[Records from a dataset]

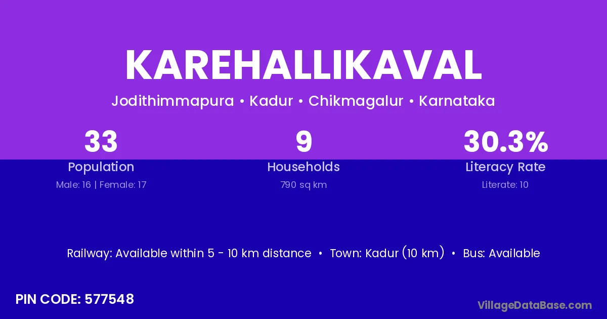 Karehallikaval village has a total population of 33 people, of which 16 are males and 17 are females.
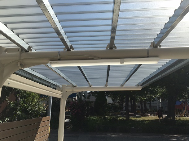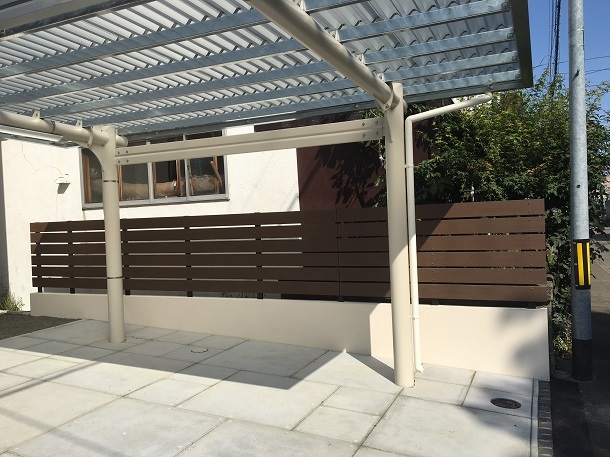 路盤、カーポート、塀、フェンス 路盤にはドットペイブの500角と1000角をランダムに使用し、 仕切にはピンコロを敷いています。 カーポートには家CAR天下のソラフルを設置することで スタイリッシュな印象を与えます。 そして、フェンスには長持ち+メンテナンス要らずの ネオカットウッドボードフェンスを使っています。
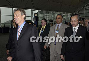 因受伊布都臺風影響,英國首相布萊爾七月二十三日提前結(jié)束在香港的訪問,乘專機離港。中新社圖
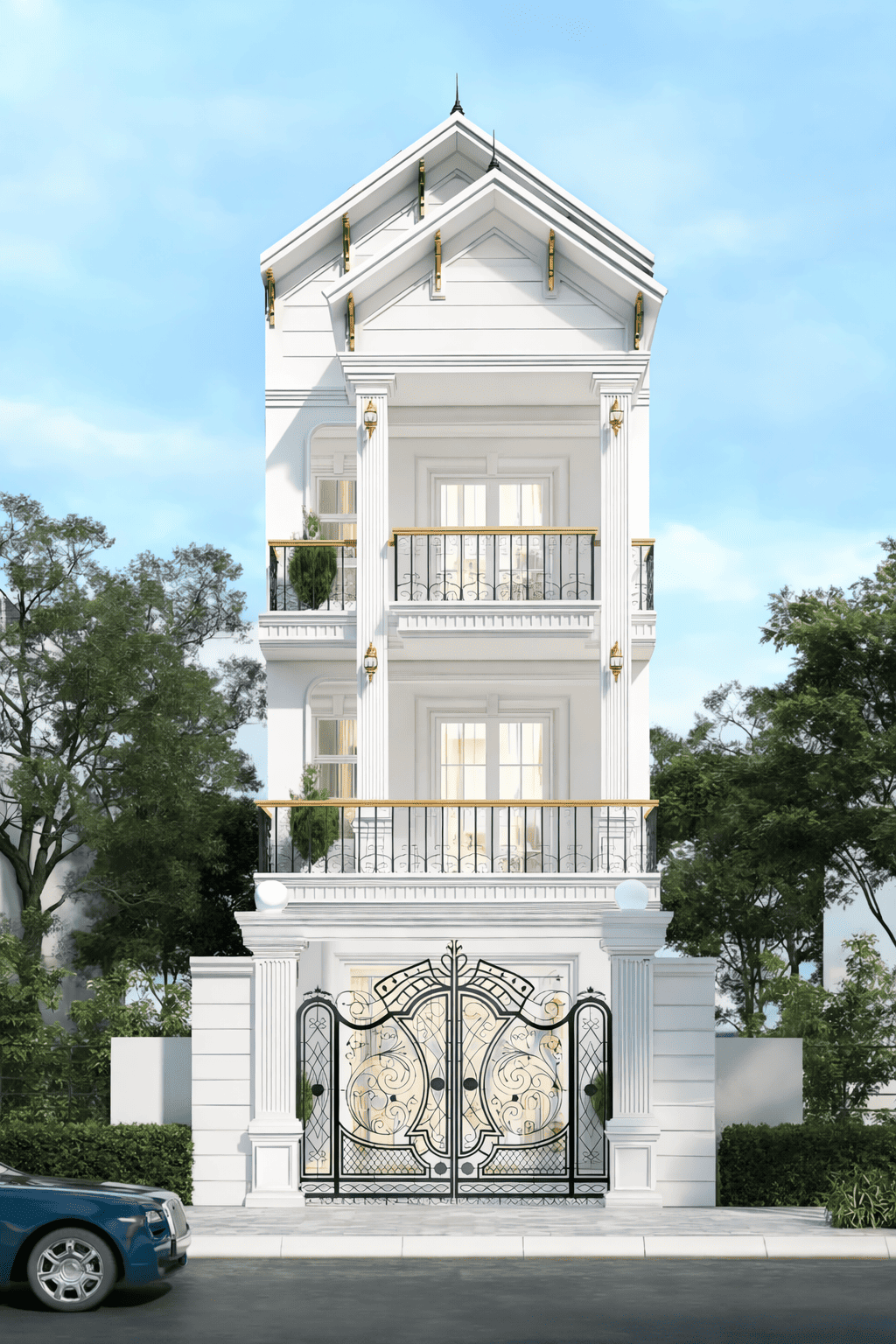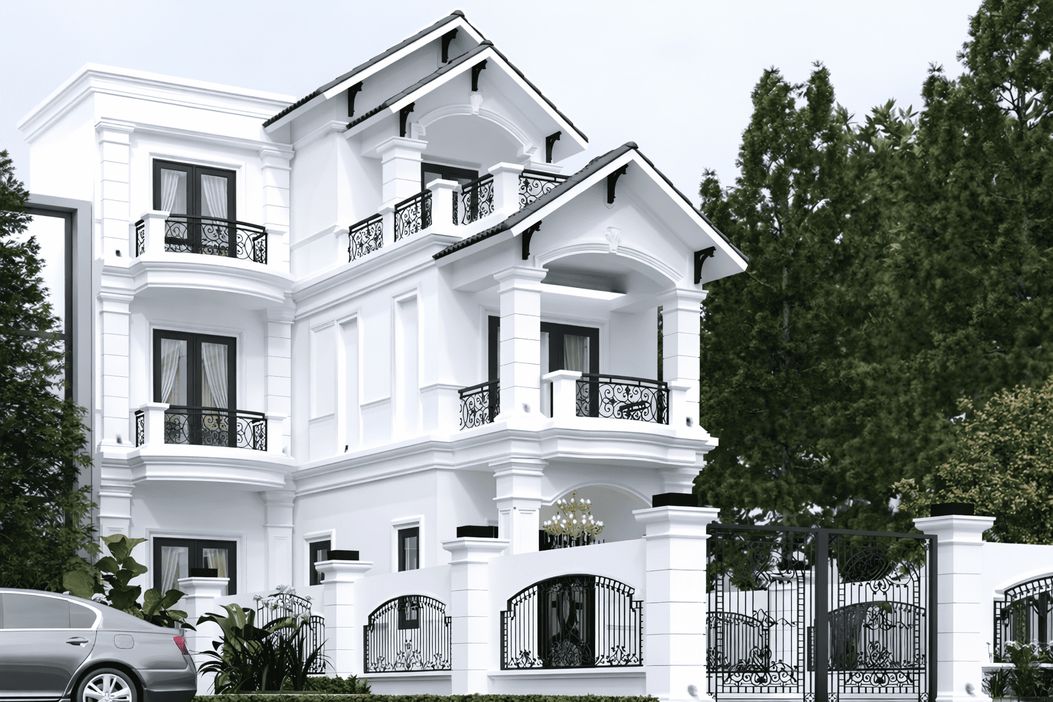 Biệt thự sân vườn mái Thái quy mô 3 tầng không đơn thuần là không gian sống mà trở thành một biểu tượng của sự uy nghi và quyền lực, nổi bật như một tòa lâu đài kiêu hãnh giữa cảnh quan. Tuy nhiên, chiều cao lớn khiến công trình rơi vào cảm giác “chiếc hộp đứng” cứng nhắc, nặng nề và thiếu tinh tế.
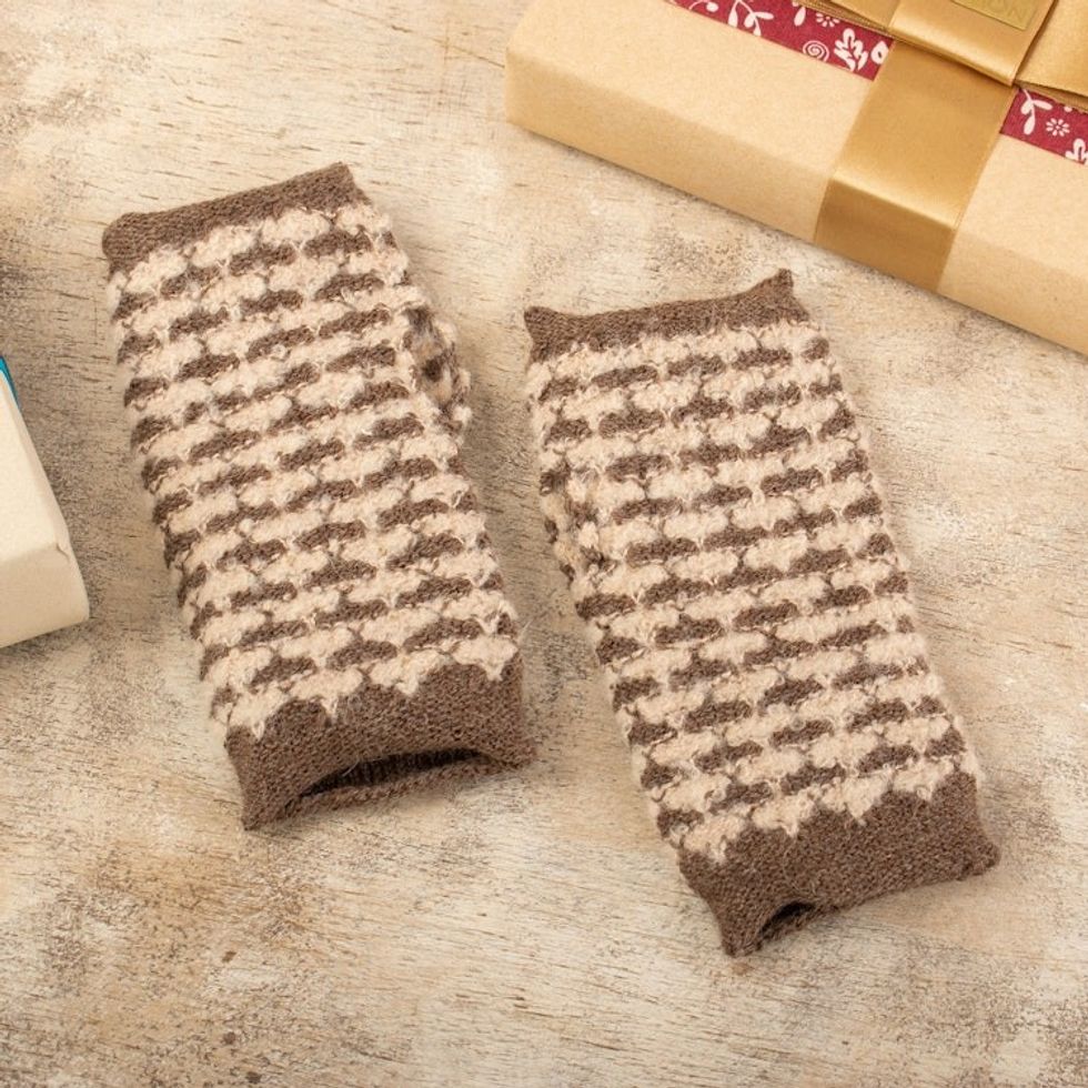 Square-Pattern Ivory and Taupe Alpaca Blend Fingerless Mitts 'Evening Squares' Item ID: 2671698104
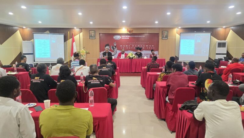 InfoMato, (Merauke) | Dalam rangka memperingati Hari Pahlawan 10 November 2025, Dewan Pimpinan Daerah Barisan Merah Putih (DPD BMP) Provinsi Papua Selatan menggelar Dialog Kebangsaan. Tema kegiatan ini adalah “Membangun Papua Selatan Maju, Sejahtera dan Berdaulat Menuju Indonesia Emas 2045”. Kegiatan berlangsung di Serui Ballroom Hotel Sunnyday, Merauke, dan dihadiri tokoh adat, agama, masyarakat, pemuda, serta mahasiswa, Senin (11/11).
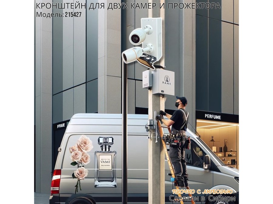 В корзину Купить в 1 клик Набор 2шт. Кронштейн для двух камер и прожектора на столб белый "IPAHD-201W-215427" под СИП-ленту
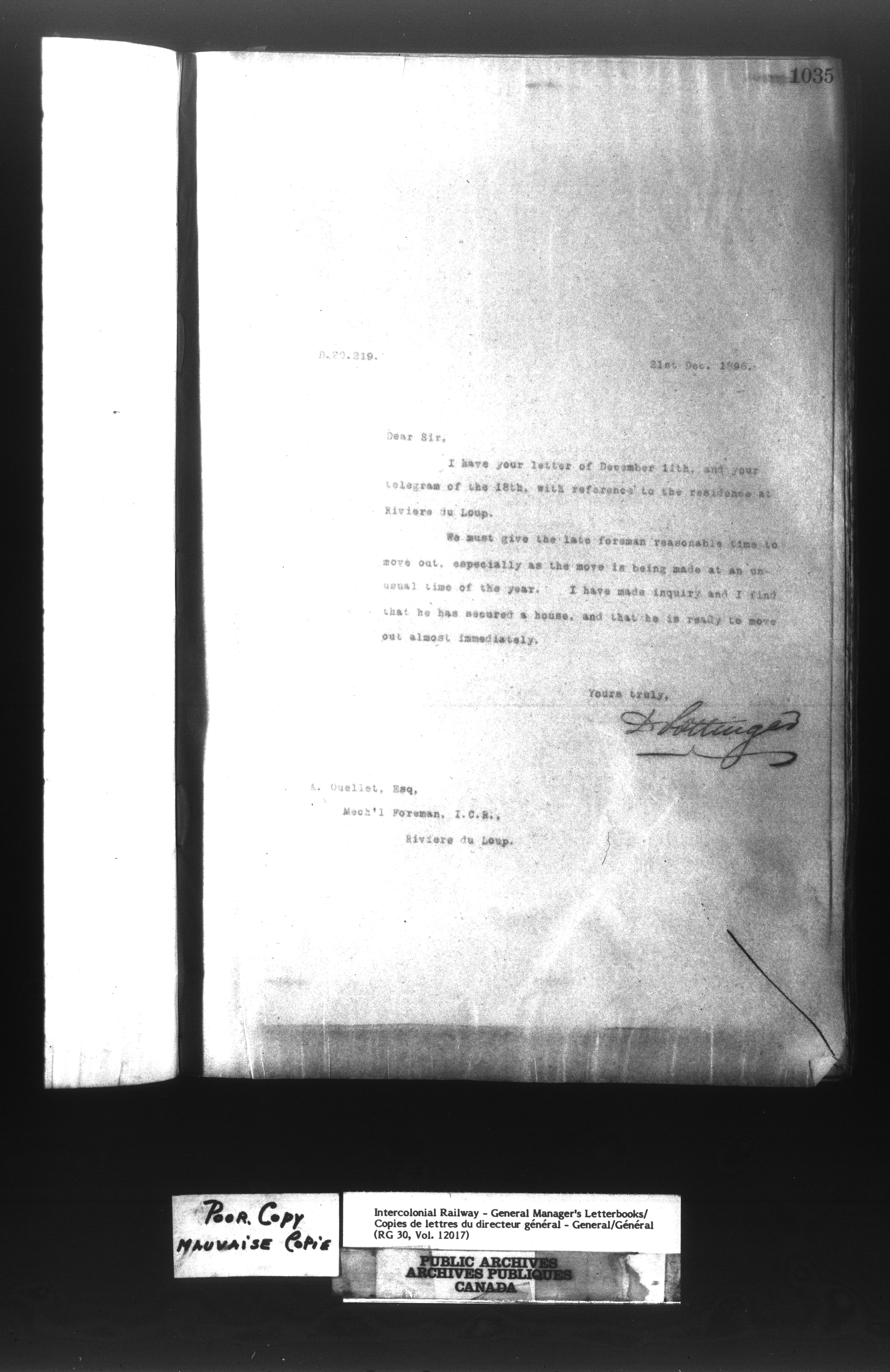 Canadian Government Railways : Office of the General Manager, Outward correspondence - 11389

Exercise instructions: An exact transcription of all the entries is required, without the pictures.

Answer box:
 Karehallikaval village has a total population of 33 people, of which 16 are males and 17 are females.
 路盤、カーポート、塀、フェンス 路盤にはドットペイブの500角と1000角をランダムに使用し、 仕切にはピンコロを敷いています。 カーポートには家CAR天下のソラフルを設置することで スタイリッシュな印象を与えます。 そして、フェンスには長持ち+メンテナンス要らずの ネオカットウッドボードフェンスを使っています。
 因受伊布都臺風影響,英國首相布萊爾七月二十三日提前結(jié)束在香港的訪問,乘專機離港。中新社圖
 Biệt thự sân vườn mái Thái quy mô 3 tầng không đơn thuần là không gian sống mà trở thành một biểu tượng của sự uy nghi và quyền lực, nổi bật như một tòa lâu đài kiêu hãnh giữa cảnh quan. Tuy nhiên, chiều cao lớn khiến công trình rơi vào cảm giác “chiếc hộp đứng” cứng nhắc, nặng nề và thiếu tinh tế.
 Square-Pattern Ivory and Taupe Alpaca Blend Fingerless Mitts 'Evening Squares' Item ID: 2671698104
 InfoMato, (Merauke) | Dalam rangka memperingati Hari Pahlawan 10 November 2025, Dewan Pimpinan Daerah Barisan Merah Putih (DPD BMP) Provinsi Papua Selatan menggelar Dialog Kebangsaan. Tema kegiatan ini adalah “Membangun Papua Selatan Maju, Sejahtera dan Berdaulat Menuju Indonesia Emas 2045”. Kegiatan berlangsung di Serui Ballroom Hotel Sunnyday, Merauke, dan dihadiri tokoh adat, agama, masyarakat, pemuda, serta mahasiswa, Senin (11/11).
 В корзину Купить в 1 клик Набор 2шт. Кронштейн для двух камер и прожектора на столб белый "IPAHD-201W-215427" под СИП-ленту
 Canadian Government Railways : Office of the General Manager, Outward correspondence - 11389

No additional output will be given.